Eran las dos de la madrugada y yo seguía recorriendo la zona intentando describir círculos progresivamente más amplios. Contaba con la ayuda de la luz de la luna en cuarto creciente, y la de mi potente linterna. De tanto en tanto podía escuchar a los cárabos que, posados sobre las ramas altas de los árboles, marcaban su territorio. En eso que, al llegar al borde de un barranco de paredes escarpadas, y temiendo que la niña hubiera podido despeñarse por él, enfoqué el haz de luz hacia el fondo. Allí, sobre la enorme copa de un pino, yacía ella boca arriba. Con el corazón palpitando a toda velocidad, iluminé su cara. Vi que mantenía los ojos muy abiertos y que no pestañeaba, lo cual me hizo temer lo peor. Pero cuando volví a llamarla por su nombre, de pronto reaccionó: mientras movía un poco ambas piernas, se echó a llorar. Aunque no creo en los milagros, aquello lo parecía: las ramas del árbol habían amortiguado su caída. Desde arriba le lancé el chubasquero para que se cubriera con él. Emocionado por mi hallazgo cuando mi confianza y también mis fuerzas comenzaban a flaquear, no pude contener las lágrimas. Permanecí a su lado hasta el amanecer, sin dejar de hablarle (a ratos se quedaba dormida), hasta que un equipo de rescate logró dar con nosotros.

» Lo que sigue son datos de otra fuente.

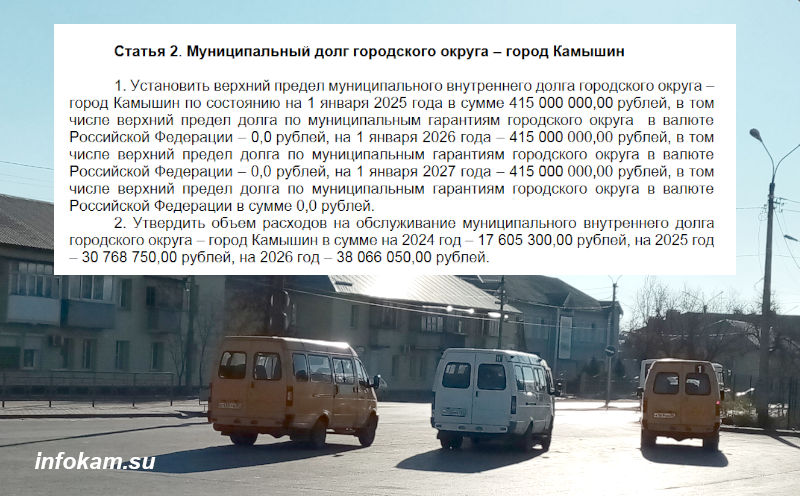 Муниципальный долг Камышина утверждён «по состоянию на 1 января 2025 года в сумме 415 млн рублей». Городские власти надеются сдержать рост этого показателя на той же сумме и в последующие два года. Как им это удастся, покажет время. Ведь еще 10 лет муниципальный долг составлял 120 млн рублей.
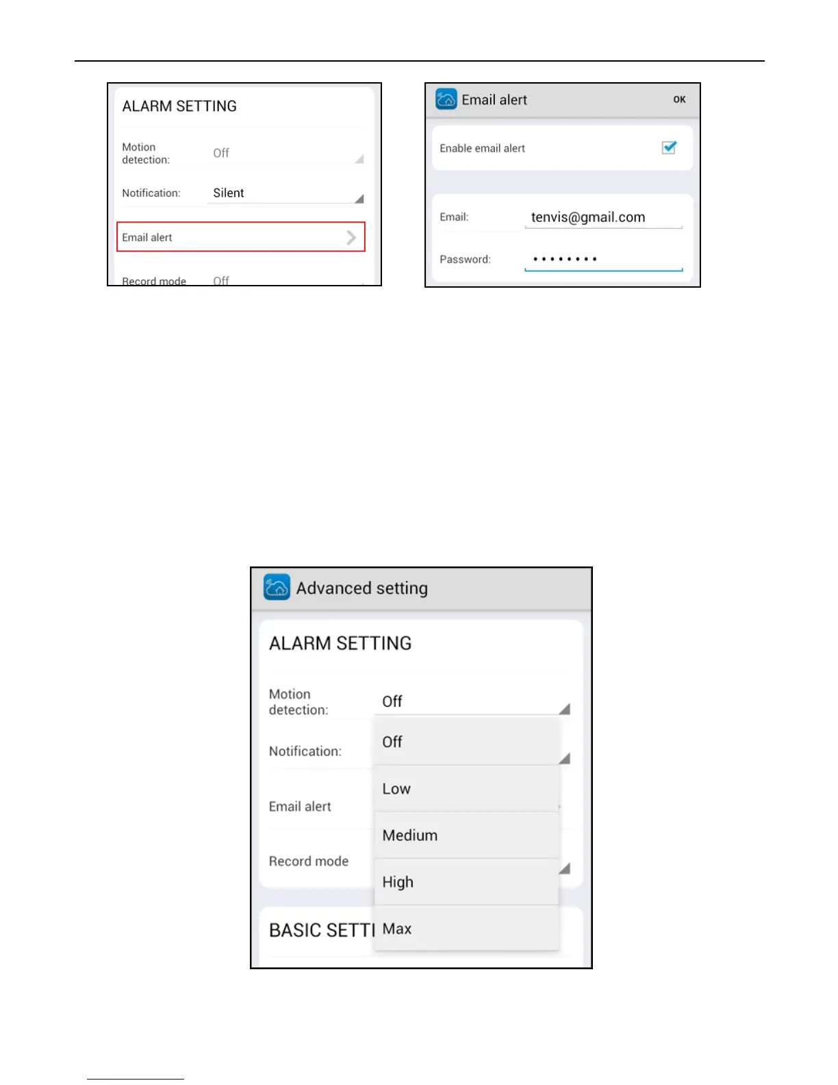 enable motion detection of the camera. Choose the detection
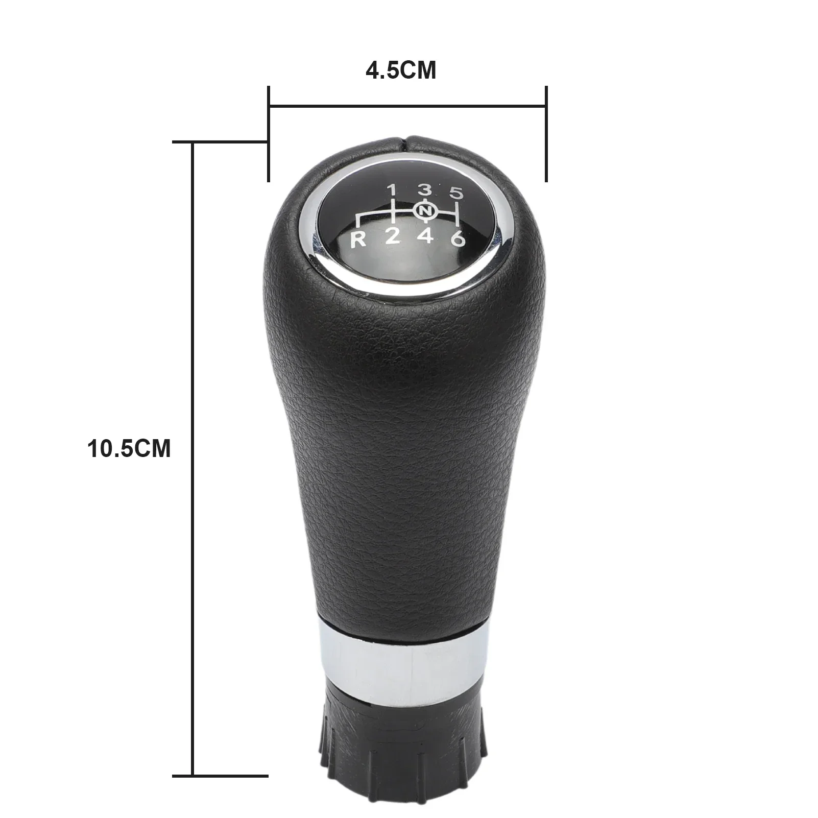 Transform your driving experience with this 6 Speed Manual Gear Shift Knob, specially crafted for the Mercedes Benz Classe A W169. Its ergonomic design, predominantly black with a textured leather-like finish, offers a comfortable grip that enhances handling and control during driving. The polished chrome cap at the top, featuring a clear gear pattern, not only adds a sleek look but also ensures ease of use. This replacement knob fits perfectly with a 14.5mm diameter, making installation straightforward without the need for modifications. Elevate your vehicle's interior while enjoying a safer, more enjoyable ride.
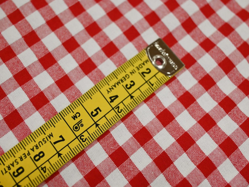 Para casar los cuadros, corta las piezas respetando la dirección del dibujo. El patrón vichy de tamaño medio facilita el alineado.
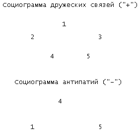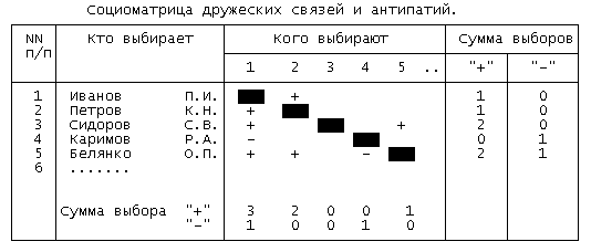 Значительными возможностями по сравнению с остальными методами диагностики располагает социометрия - совокупность приемов и средств, используемых для изучения групповой динамики (авторитетность, лидерство, сплоченность и т.п.). Для выявления в коллективе "неуставщины" методом социометрии необходимо выбрать социометрический критерий, изготовить социометрические карточки по числу членов группы и список группы. Вариант социометрической карточки, социоматрицы и социограмм дружеских связей и антипатий приведен в приложении 2.
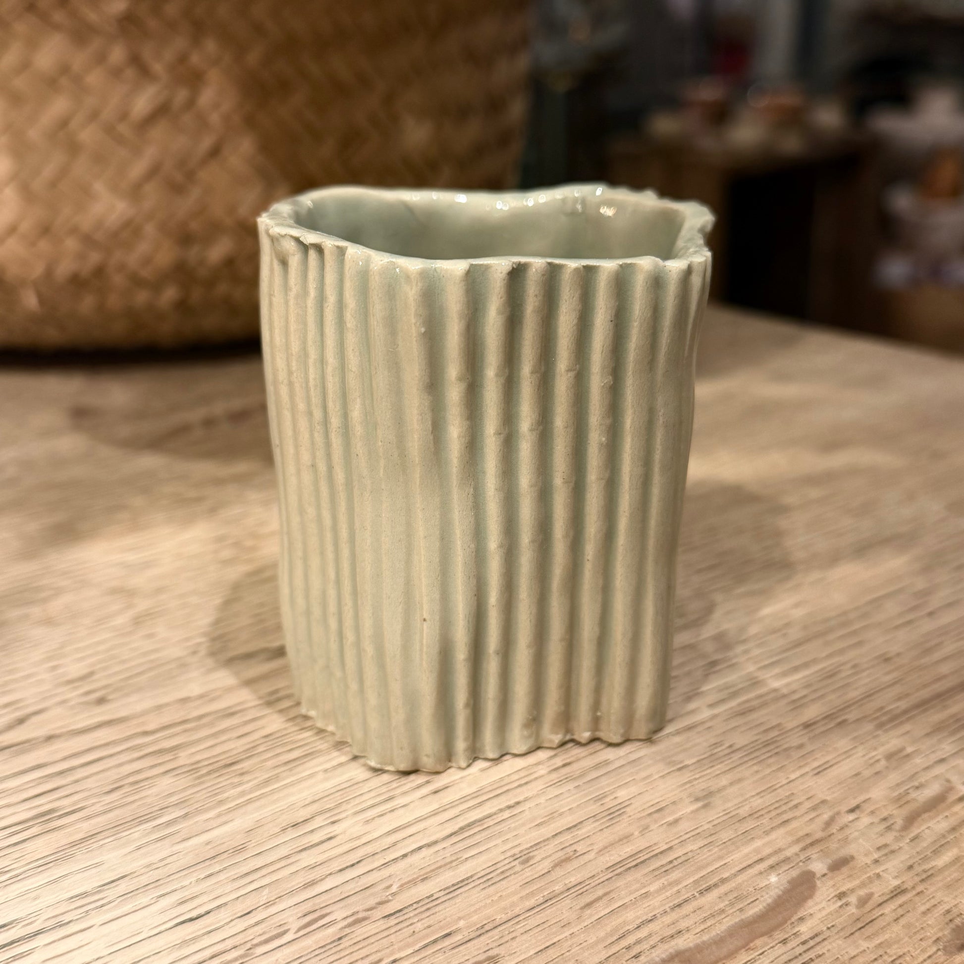 Lille vase med riller i blå grønne farver
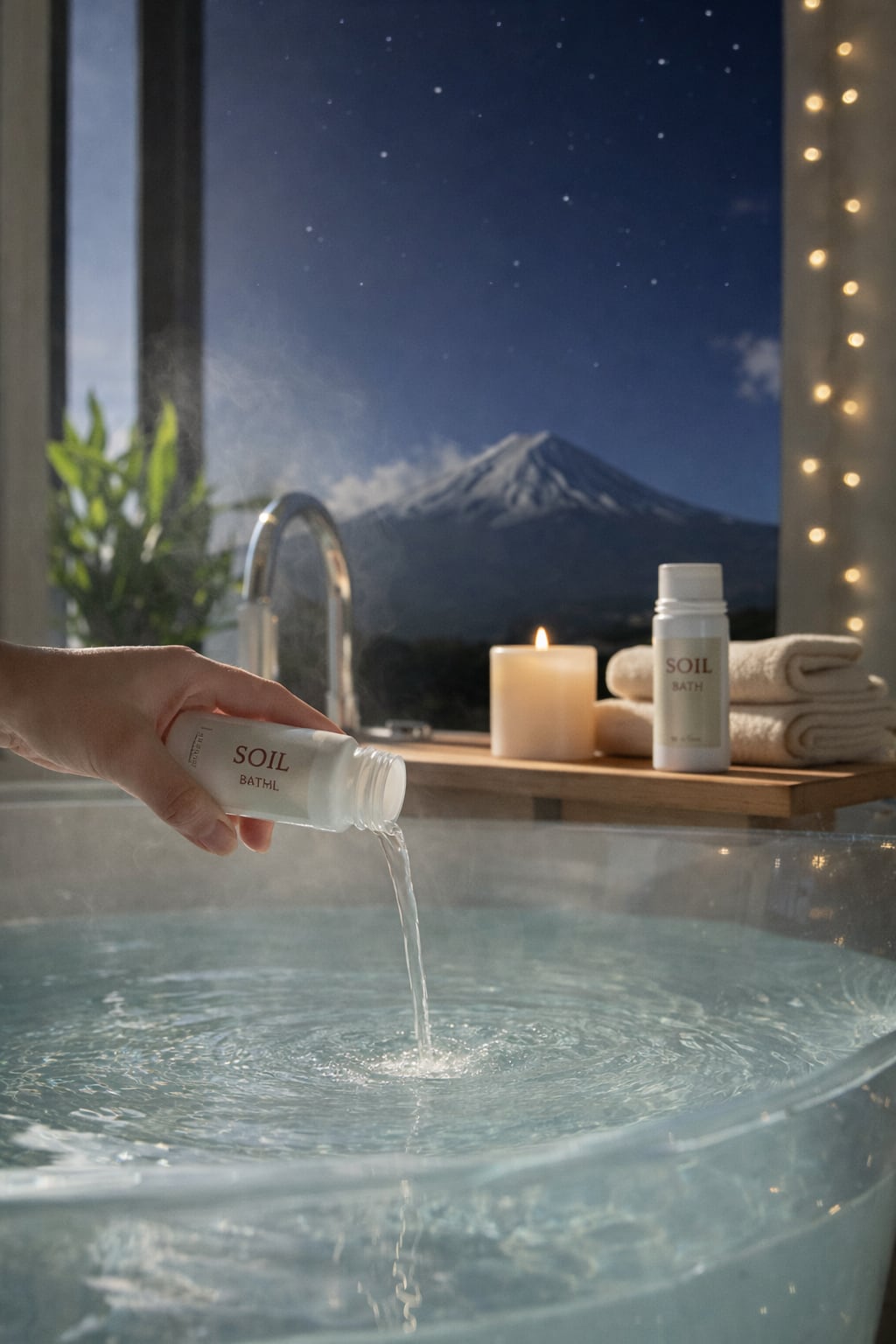 お湯に溶かすと、混じりけのない無色透明な質感が肌を包み込みます。余計な着色をせず、純粋に「お湯」の力を引き出すことで、まるで富士山の麓の湧き水に浸かっているような、澄み切った入浴体験をお届けします。
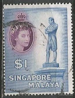 Сингапур. Королева Елизавета II. Памятник Р.Стемфорду. Основатель Сингапура. 1955г. Mi#40.

Ya de nuevo en la fonda, ¿sabes lo primero que pensé? (no te rías de mí, te lo ruego). Pues que una vez resuelto mi primer caso «importante», ahora ya me podía jubilar de verdad, o incluso morir si ese era mi destino inmediato. No era la fama lo que me importaba, ni que mis antiguos compañeros tuviesen noticia de aquel suceso a través de la prensa. La deuda que tenía contraída y que, con el paso de los años, se había ido haciendo más y más gravosa, era en buena parte conmigo mismo. También con tu madre, es cierto. Pero sobre todo contigo, que tuviste que crecer como si padre no tuvieras. De ahí que, tras mucho dudar, me haya decidido a contártelo por si ello pudiera servir para que te sientas, por fin, orgulloso de mí. Y ya de paso, recapacites y decidas perdonarme. Un gran abrazo.
Rosendo ha terminado de leer la carta cuando Amelia se le aproxima por detrás, se sienta sobre sus rodillas y le pregunta, intrigada: —¿Algo importante? —Mi padre. Después de tantos años ha reaparecido, y de qué manera.
—A veces pienso, Rosendo, que pese a las cosas que me has ido contando sobre él, me gustaría conocerlo. Las personas cambiamos y nadie es perfecto.
—Quizás no sea una mala idea. Ya lo dice el refrán: «Nunca es tarde si la dicha es buena».